However if you keep popping him with the e-collar, all he learns is that his range limit is when he feels the voltage on his neck. That doesn't translate well to hunt tests without collars. However if the dog learns that he's going to lose you if he doesn't check in regularly.... and that has to happen at first without you giving a point of reference (calling, whistle, etc.).... they learn quickly to shorten up their range. Because they don't want to lose you, they learn they need to hear you so they can come back to you. This time of year in the woods is a great time to instill this when the cover is still as heavy as it is.
Again this is where the gps collar comes in handy for calming our fears of losing our dogs.

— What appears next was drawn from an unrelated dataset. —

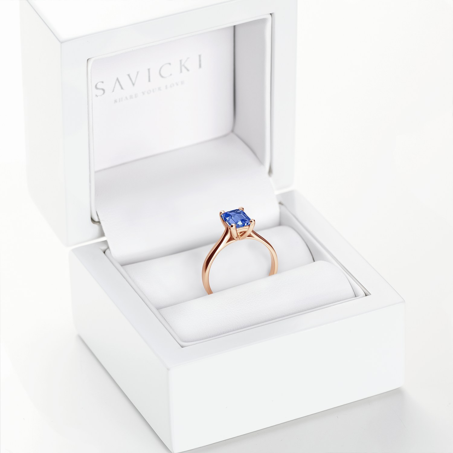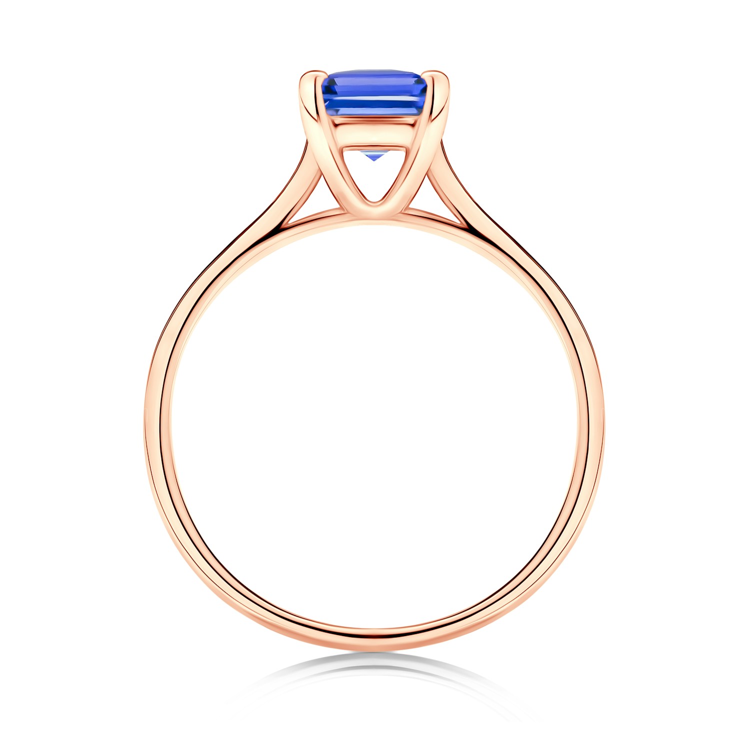 Pierścionek zaręczynowy z tanzanitem 7x5mm o szlifie szmaragdowym, wykonany z 14-karatowego różowego złota (próba 0,585).

I agree that it's easy to panic or become impatient for the results you desire but here is one thing I say with certainty and confidence .... any dog that has been trained with an e-collar at some point will become "collar wise" (perfect behavior with the collar but go renegade when it's not on). And so if you are looking towards times where you want certain behavior but you can't use an e-collar I think you will find it easier to train now for what you want later. You can do it now or do it later but at some point you will have to instill in your dog the desired behavior and get him to respond without electricity.


----------



## zeeke33 (Feb 7, 2009)

combo

Can anyone give Jim any insight on the Sport Dog offering, the Tek-v1lt that offers gps and an e-collar with vibe and tone in one package. It can be purchased all together or in modules as the need and wallet see fit. Anybody got one?


----------



## northwinsetter (Aug 1, 2011)

zeeke33 said:


> combo
> 
> Can anyone give Jim any insight on the Sport Dog offering, the Tek-v1lt that offers gps and an e-collar with vibe and tone in one package. It can be purchased all together or in modules as the need and wallet see fit. Anybody got one?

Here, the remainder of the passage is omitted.